Signed-off-by: Tejun Heo <tj@kernel.org>
Signed-off-by: Greg Kroah-Hartman <gregkh@linuxfoundation.org>
Tejun Heo [Fri, 29 Nov 2013 22:18:32 +0000 (17:18 -0500)]
sysfs, kernfs: make sysfs_dirent definition public
sysfs_dirent includes some information which should be available to
kernfs users - the type, flags, name and parent pointer. This patch
moves sysfs_dirent definition from kernfs/kernfs-internal.h to
include/linux/kernfs.h so that kernfs users can access them.
The type part of flags is exported as enum kernfs_node_type, the flags
kernfs_node_flag, sysfs_type() and kernfs_enable_ns() are moved to
include/linux/kernfs.h and the former is updated to return the enum
type. sysfs_dirent->s_parent and ->s_name are marked explicitly as
public.
This patch doesn't introduce any functional changes.
v2: Flags exported too and kernfs_enable_ns() definition moved.
v3: While moving kernfs_enable_ns() to include/linux/kernfs.h, v1 and
v2 put the definition outside CONFIG_SYSFS replacing the dummy
implementation with the actual implementation too. Unfortunately,
this can lead to oops when !CONFIG_SYSFS because
kernfs_enable_ns() may be called on a NULL @sd and now tries to
dereference @sd instead of not doing anything. This issue was
reported by Yuanhan Liu.
Signed-off-by: Tejun Heo <tj@kernel.org>
Reported-by: Yuanhan Liu <yuanhan.liu@linux.intel.com>
Signed-off-by: Greg Kroah-Hartman <gregkh@linuxfoundation.org>
Tejun Heo [Thu, 28 Nov 2013 19:54:44 +0000 (14:54 -0500)]
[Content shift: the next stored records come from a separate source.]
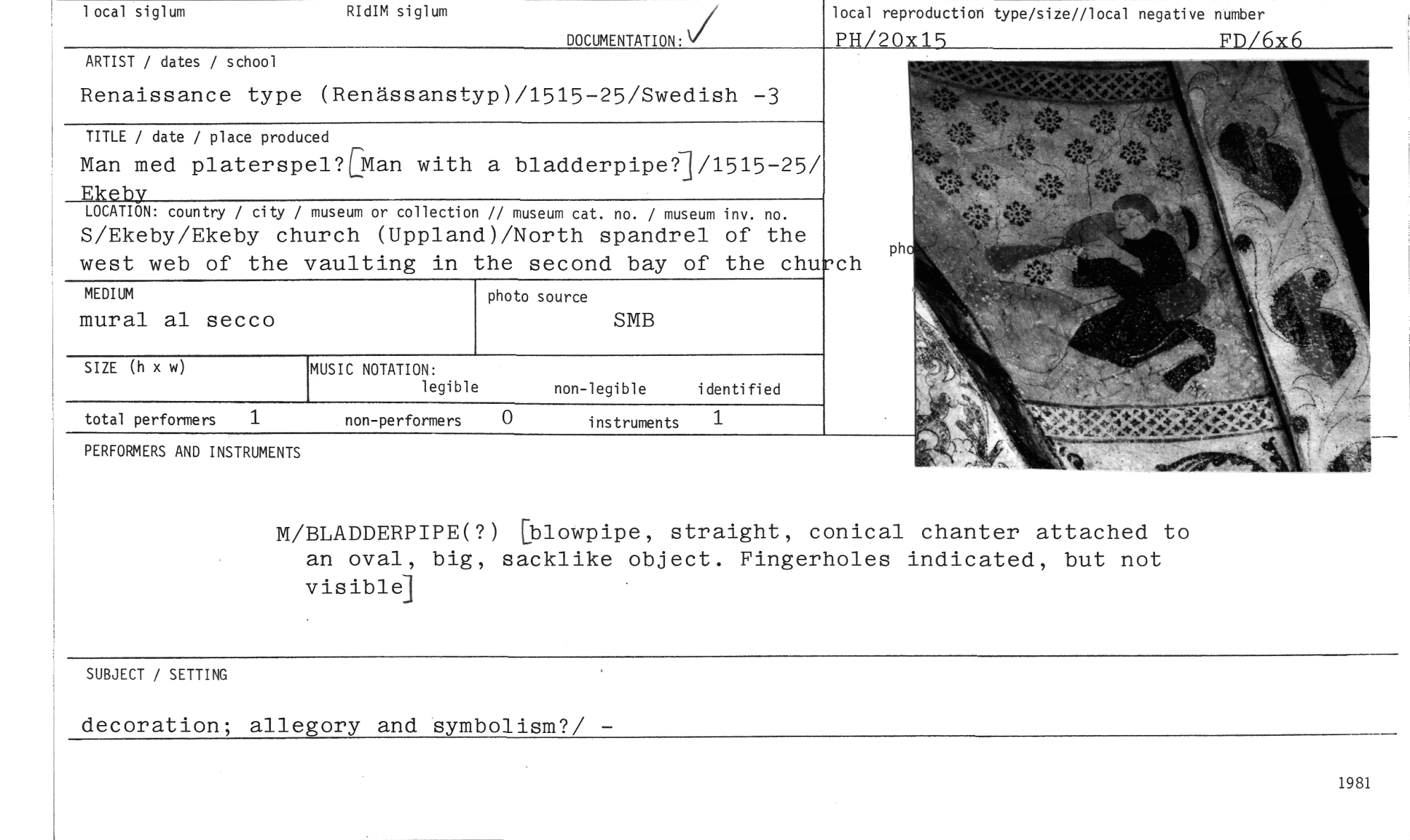 //// local reproductiofi type/size//local negative numöer //// PH/20x15 FD/6x6 //// local siglum RIdIM siglum //// DOCUMENTATION. //// ARTIST / dates / school //// Renaissance type (Renässanstyp)/1515-25/Swedish -3 //// TITLE / date / place produced //// Man med platerspel?CMan with a bladderpipe1/1515-25/ Ekebv //// LOCATION: country / city / museum or collection // museum cat. no. / museum inv. no. //// S/Ekeby/Ekeby church (Uppland)/North spandrel of the west web of the vaulting in the second bay of the chu //// ph //// rch //// MEDIUM photo source //// mural al secco SMB //// SIZE (h x w) //// total performers 1 //// PERFORMERS AND INSTRUMENTS //// MUSIC NOTATION: //// legible //// non-legible identified //// non-performers 0 instruments 1 //// M/BLADDERPIPE(?) [blowpipe, straight, conical chanter attached to an oval, big, sacklike object. Fingerholes indicated, but not visible] //// SUBJECT / SETTING //// decoration; allegory and symbolism?/ - //// 1981 ////
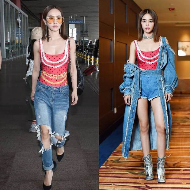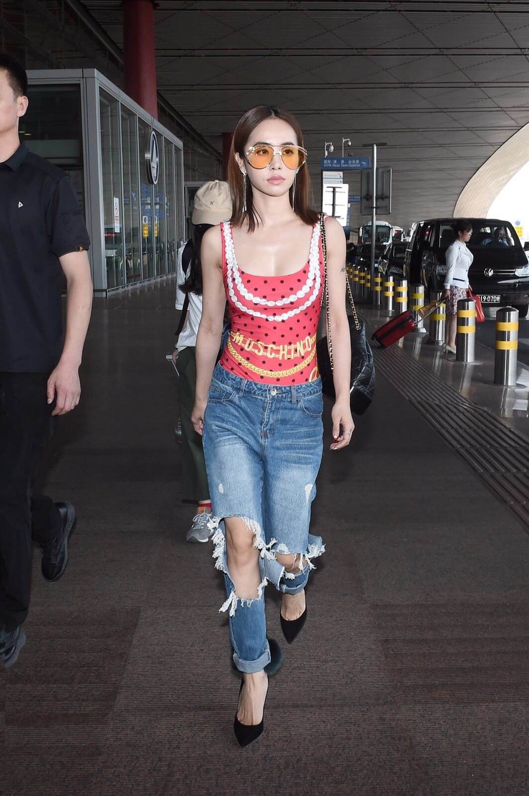 首先,蔡依林曾在機場被拍到穿著MOSCHINO春夏連身款泳裝,內搭牛仔破褲和JIMMY CHOO毛球高跟鞋,再配上本季最時髦的淺色太陽眼鏡,完美展現了她的時尚品味。
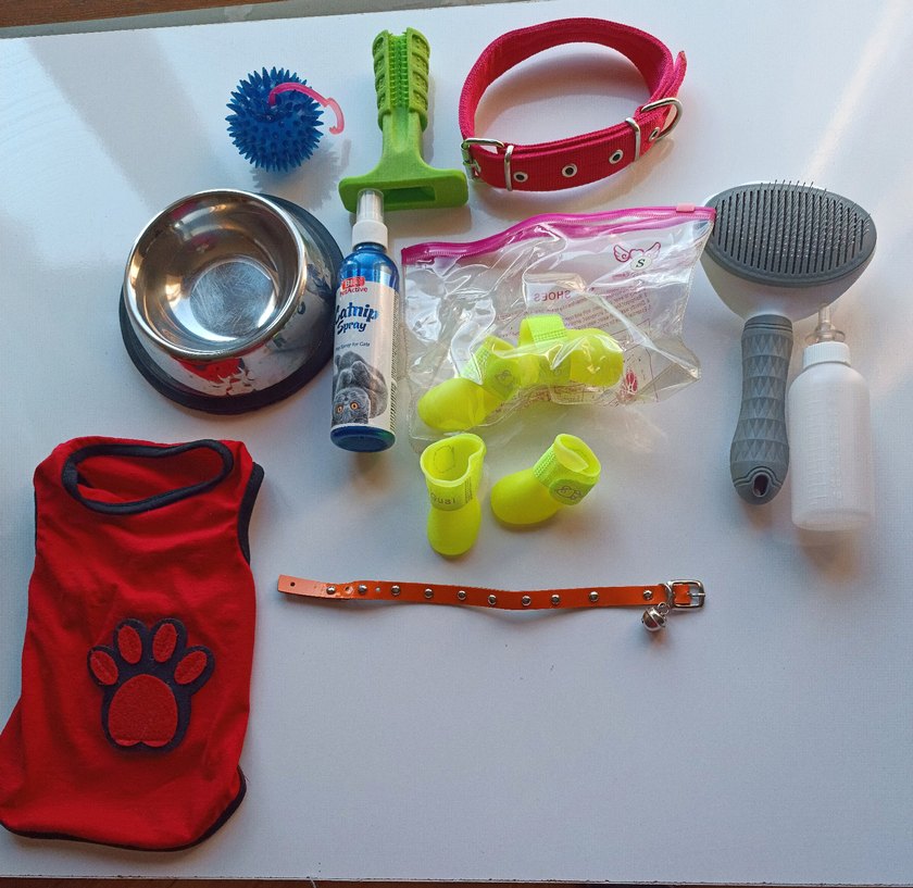 turuncu zilli tasma, mama kabı, ıssırma oyuncağı aleti, koruyucu pati botları, S beden kedi ve köpeklere uygun kostüm, tüyleri taramak için fırça,pembe tasma, oyuncak mavi top(zıplıyor) ve sprey. 2aylık köpeğim için kullanıldı. Ürünler yeni gibidir.
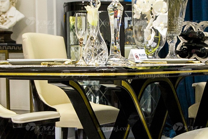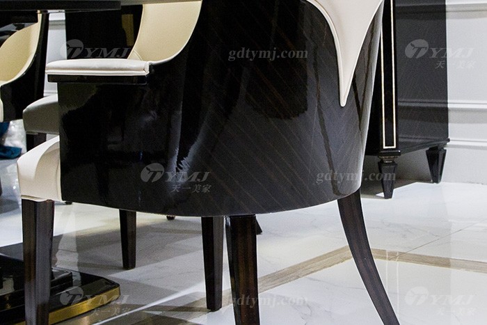 高端奢華會所別墅品牌輕奢現代餐廳家具黑檀超纖餐桌椅組合

sysfs, kernfs: move mount core code to fs/kernfs/mount.c
Move core mount code to fs/kernfs/mount.c. The respective
declarations in fs/sysfs/sysfs.h are moved to
fs/kernfs/kernfs-internal.h.
This is pure relocation.
Signed-off-by: Tejun Heo <tj@kernel.org>
Signed-off-by: Greg Kroah-Hartman <gregkh@linuxfoundation.org>
Tejun Heo [Thu, 28 Nov 2013 19:54:43 +0000 (14:54 -0500)]
sysfs, kernfs: prepare mount path for kernfs
We're in the process of separating out core sysfs functionality into
kernfs which will deal with sysfs_dirents directly. This patch
rearranges mount path so that the kernfs and sysfs parts are separate.
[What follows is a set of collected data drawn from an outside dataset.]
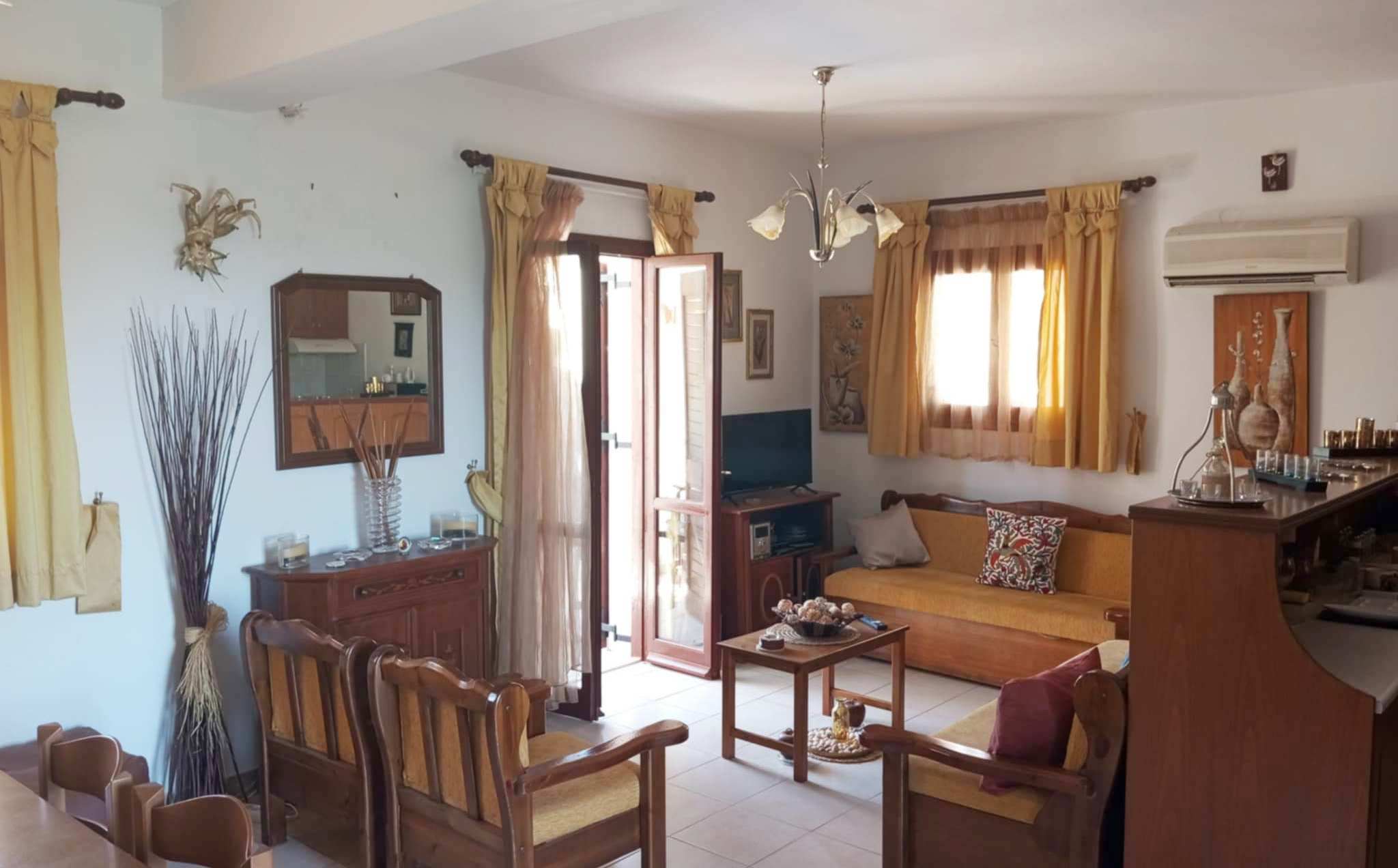 This furnished 2nd-floor apartment spans 82 sq.m. and features 2 bedrooms, a living room, kitchen, and bathroom. Built in 2004 (energy class A), it offers air conditioning for heating, stunning views, tiled floors, wardrobes, parking, a shared swimming pool and garden, electrical appliances, and a solar water heater. It’s conveniently located just 5km from Kalyves and offers all the essentials for you to begin your Cretan way of living!
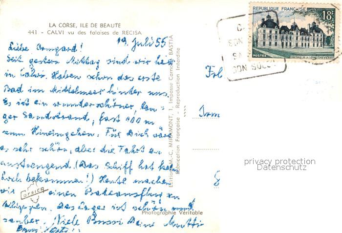 13531449 carte postale Calvi vu des falaises de Recisa postalisch gelaufen Erhaltung siehe scans [FriedD77] KatCode: 1117002B52B050
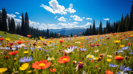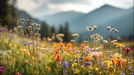 A Richly colored wildflowers blooming in meadow with mountains
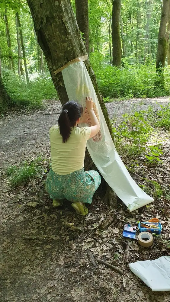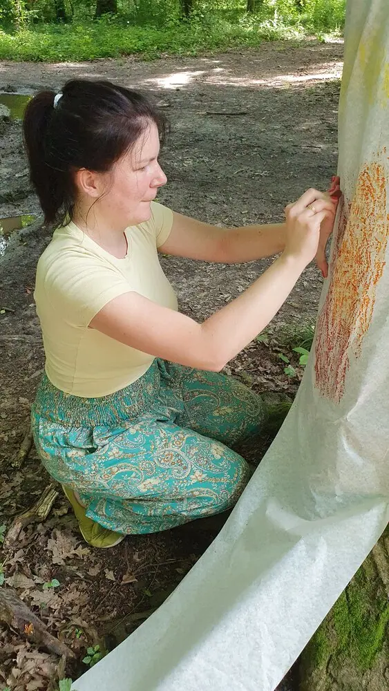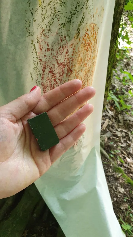 Már állni és fába kapaszkodni tudó tipegőknek is szeretettel ajánljuk a fakéreg átsatírozást, mint természetes tapasztalatszerzési, alkotós tevékenységet!
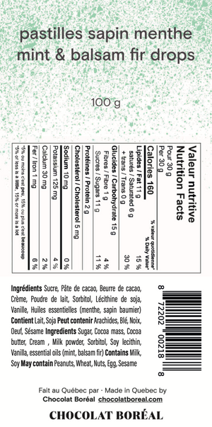 These fine pastilles garnished with a creamy fir-mint can be enjoyed at any time with their boreal notes that are both classic and refreshing.

* As sysfs_super_info won't be visible outside kernfs proper,
kernfs_super_ns() is added to allow kernfs users to access a
super_block's namespace tag.
* Generic mount operation is separated out into kernfs_mount_ns().
sysfs_mount() now just performs sysfs-specific permission check,
acquires namespace tag, and invokes kernfs_mount_ns().
* Generic superblock release is separated out into kernfs_kill_sb()
which can be used directly as file_system_type->kill_sb(). As sysfs
needs to put the namespace tag, sysfs_kill_sb() wraps
kernfs_kill_sb() with ns tag put.
* sysfs_dir_cachep init and sysfs_inode_init() are separated out into
kernfs_init(). kernfs_init() uses only small amount of memory and
trying to handle and propagate kernfs_init() failure doesn't make
much sense. Use SLAB_PANIC for sysfs_dir_cachep and make
sysfs_inode_init() panic on failure.
After this change, kernfs_init() should be called before
sysfs_init(), fs/namespace.c::mnt_init() modified accordingly.
Signed-off-by: Tejun Heo <tj@kernel.org>
Cc: linux-fsdevel@vger.kernel.org
Cc: Christoph Hellwig <hch@infradead.org>
Signed-off-by: Greg Kroah-Hartman <gregkh@linuxfoundation.org>
Tejun Heo [Thu, 28 Nov 2013 19:54:42 +0000 (14:54 -0500)]
sysfs, kernfs: make super_blocks bind to different kernfs_roots
kernfs is being updated to allow multiple sysfs_dirent hierarchies so
that it can also be used by other users. Currently, sysfs
super_blocks are always attached to one kernfs_root - sysfs_root - and
distinguished only by their namespace tags.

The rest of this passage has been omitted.